Problems Challenging the Team? Try Being Carefrontational!

In my long experience in Vistage UK I have collected several great techniques and methods that have stood me in good stead in chairing my group.

For fairly obvious reasons a major part of the process is to challenge the members to make sure that they drill down into an issue to establish the root cause and then to help the group to offer their opinions as to the solution that is the bit they enjoy the most.

It has been wisely said that there is nothing so satisfying as telling other people how to run their business.

This can, however, be a painful process for the presenter of the issue because while they know, deep down, the solution they do not like the answer and would prefer not to hear it or take the suggested action.

We realise that the whole rationale for joining a peer group like Vistage is to learn from each other and to have someone to listen to them in a safe environment.  However, when the chips are down it can be difficult to absorb and to accept.

A wonderful word borrowed from Vistage colleagues in the USA is:

            Carefrontation

and that neatly encompasses all that is good in a business relationship.

How then does it work?  In essence it emphasises that challenge is essential; not, you will accept, on the basis of reprimand but rather in the mode of questioning and constantly searching, as Thomas Edison said, for a better way to do things.

However, the human psyche being what it is, there is always a possibility and sometimes a probability for defence mechanisms to be unleashed whenever an idea or a method is challenged.

There is nothing worse than the defensive rebuttal to challenge.  It slows everything down, promotes argument that is usually unproductive, and generally drains energy from the situation.

The question to ask, then, is why do people become defensive when they are challenged?  In some cases it can be a matter of pride, even a matter principle, in some a fear of seeming inadequate and under certain conditions, even a feeling if rejection, none of which add to the effectiveness of the individual.

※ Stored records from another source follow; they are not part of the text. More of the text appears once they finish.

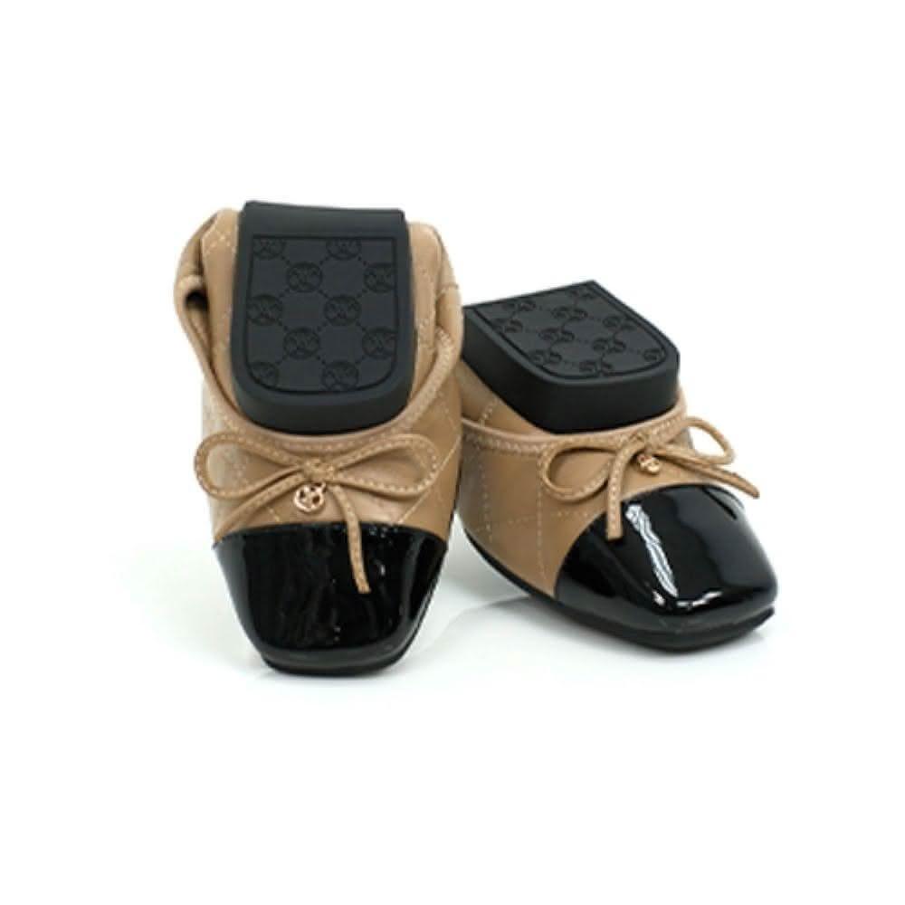 viina芳達4· 小香風真皮拼接菱格紋方頭摺疊平底娃娃鞋-卡其(版型偏小1碼)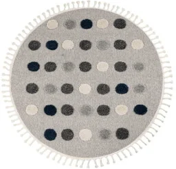 Dywan dla dzieci okrągły w kropki z frędzlami Obsession Fano FAO 394 Dywan dziecięcy w pastelowych kolorach, ozdobiony frędzlami, z miękkim runem i przestrzennym efektem 3D. Idealny do pokoju malucha, łączący delikatność z nowoczesnym designem. Producent: Obsession Kraj pochodzenia: Niemcy Skład: 80% poliester, 15% bawełna, 5% juta Efekt 3d Struktura runa:
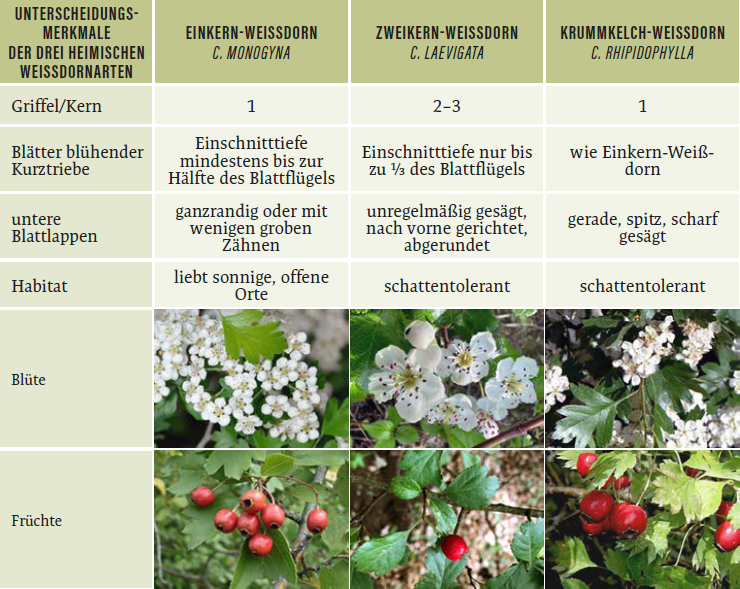Abb. 3: Unterscheidungsmerkmale der drei heimischen Weißdornarten. Foto: BFW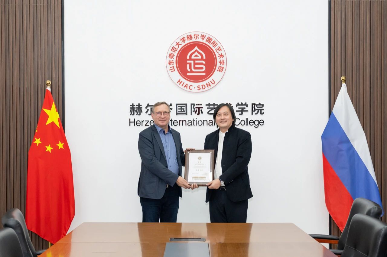 最后,张茂聪向马霍夫赠送学院纪念品;刘东峰为马霍夫院长颁发外国专家聘书。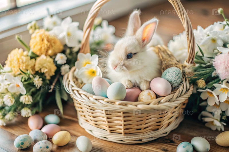 Баннер. пасхальный кролик в плетеновой корзине, наполненной красочными пасхальными яйцами. концепция весенних праздников Пасхи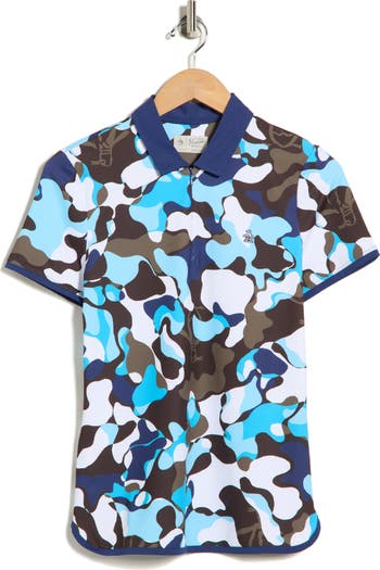 Contrast trim and an abstract pattern make golf knit T-shirt versatile on and off the course.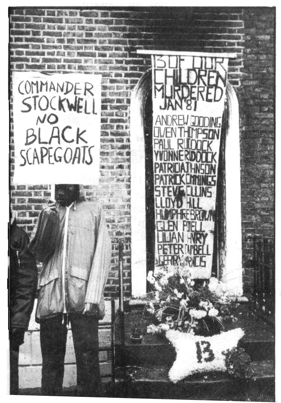 On the 18th of January 1981, 13 young black people aged 15 to 20 were killed in a fire at a birthday party at 439 New Cross Road, in New Cross, Southeast London. The police initially stated that they believed the fire was caused by a firebomb, though they later backed away from this, instead targeting black kids present at the party. The fire was widely thought to be a racist attack, and that police were covering up evidence and dragging their feet in the investigation. Family members of the dead received abusive racist letters afterwards.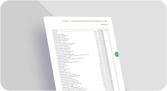 391 Life Is On | Schneider Electric www.se.com Financial Statements 5. Chapter 5 – Consolidated financial statements at December 31, 2021 (in % of interest) Dec. 31, 2021 Dec. 31,2020 Scanelec France 100 100 Schneider Electric Alpes France 100 100 Schneider Electric Energy France France 100 100 Schneider Electric France France 100 100 Schneider Electric Industries SAS France 100 100 Schneider Electric International France 100 100 Schneider Electric IT France France 100 100 Schneider Electric Manufacturing Bourguebus France 100 100 Schneider Electric SE (Mother company) France 100 100 Schneider Electric Solar France France 100 100 Schneider Electric Systems France France 100 100 Schneider Electric Telecontrol France 100 100 Schneider Toshiba Inverter Europe SAS France 60 60 Schneider Toshiba Inverter SAS France 60 60 Société d’Appareillage Electrique Gardy France 100 100 Société d’Application et d’Ingenierie Industrielle et Informatique SAS – SA3I France 100 100 Société Electrique d’Aubenas France 100 100 Société Française de Construction Mécanique et Electrique France 100 100 Société Française Gardy France 100 100 Systèmes Equipements Tableaux Basse Tension France 100 100 Transfo Services France 100 100 Transformateurs SAS France 100 100 ABN GmbH Germany 100 100 Eberle Controls GmbH Germany 100 100 Merten GmbH Germany 100 100 ProLeit AG (sub-group) Germany 100 100 RIB GmbH (sub-group) Germany 100 8 7. 6 Schneider Electric Automation GmbH Germany 100 100 Schneider Electric Holding Germany GmbH Germany 100 100 Schneider Electric GmbH Germany 100 100 Schneider Electric Investment AG Germany 100 100 Schneider Electric Real Estate GmbH Germany 100 100 Schneider Electric Sachsenwerk GmbH Germany 100 100 Schneider Electric Systems Germany GmbH Germany 100 100 Schneider Electric AEBE Greece 100 100 Schneider Electric Energy Hungary LTD Hungary 100 100 Schneider Electric Hungaria Villamossagi ZRT Hungary 100 100 SE – CEE Schneider Electric Közep-Kelet Europai KFT Hungary 100 100 Schneider Electric Ireland Ltd Ireland 100 100 Schneider Electric IT Limited Ireland 100 100 Schneider Electric IT Logistics Europe Ltd Ireland 100 100 Validation technologies (Europe) Ltd Ireland 100 100 Eliwell Controls S.r.l. Italy 100 100 Eurotherm S.r.l. Italy 100 100 Schneider Electric Industrie Italia Spa Italy 100 100 Schneider Electric Spa Italy 100 100 Schneider Electric Systems Italia Spa Italy 100 100 Uniflair Spa Italy 100 100 Lexel Fabrika SIA Latvia 100 100 Schneider Electric Baltic Distribution Center Latvia 100 100 Schneider Electric Latvija SIA Latvia 100 100 UAB Schneider Electric Lietuva Lithuania 100 100 Industrielle de Réassurance SA Luxembourg 100 100 American Power Conversion Corporation (A.P.C.) BV Netherlands 100 100 APC International Corporation BV Netherlands 100 100 APC International Holdings BV Netherlands – 100 Clovis Systems B.V. Netherlands 70 – Schneider Electric Logistic Centre BV Netherlands 100 100 Schneider Electric Manufacturing The Netherlands BV Netherlands – 100 Schneider Electric Systems Netherlands BV Netherlands 100 100 Schneider Electric The Netherlands BV Netherlands 100 100 ELKO AS Norway 100 100 Eurotherm AS Norway 100 100 Lexel Holding Norge AS Norway 100 100 Schneider Electric Norge AS Norway 100 100 Elda Eltra Elektrotechnika S.A. Poland 100 100 Eurotherm Poland Sp. Z.o.o. Poland 100 100 Schneider Electric Industries Polska Sp. Z.o.o. Poland 100 100 Schneider Electric Polska Sp. Z.o.o. Poland 100 100

The whole carefrontational approach means that although the team member is challenged (and why not in a go-ahead business?), it is done in a way which maintains respect and that, to my mind, is an essential in all working relationships.

My friend, mentor and top Vistage speaker, Lynn Leahy taught me long ago that there is a major difference between being assertive and being aggressive although it can be a short step from one to the other. 

Lynn says that being aggressive implies top-down authoritarian management whereas being assertive means that while a point can be made in a forthright way, it will always be made with respect to the opinions and feelings of the other person.

In other words, people can be challenged in a forthright way while still being shown that combination of care, understanding and respect that is the right of everyone to expect.  


The result is far less likely to be defensive and will more likely be positive and productive, an outcome always to be desired.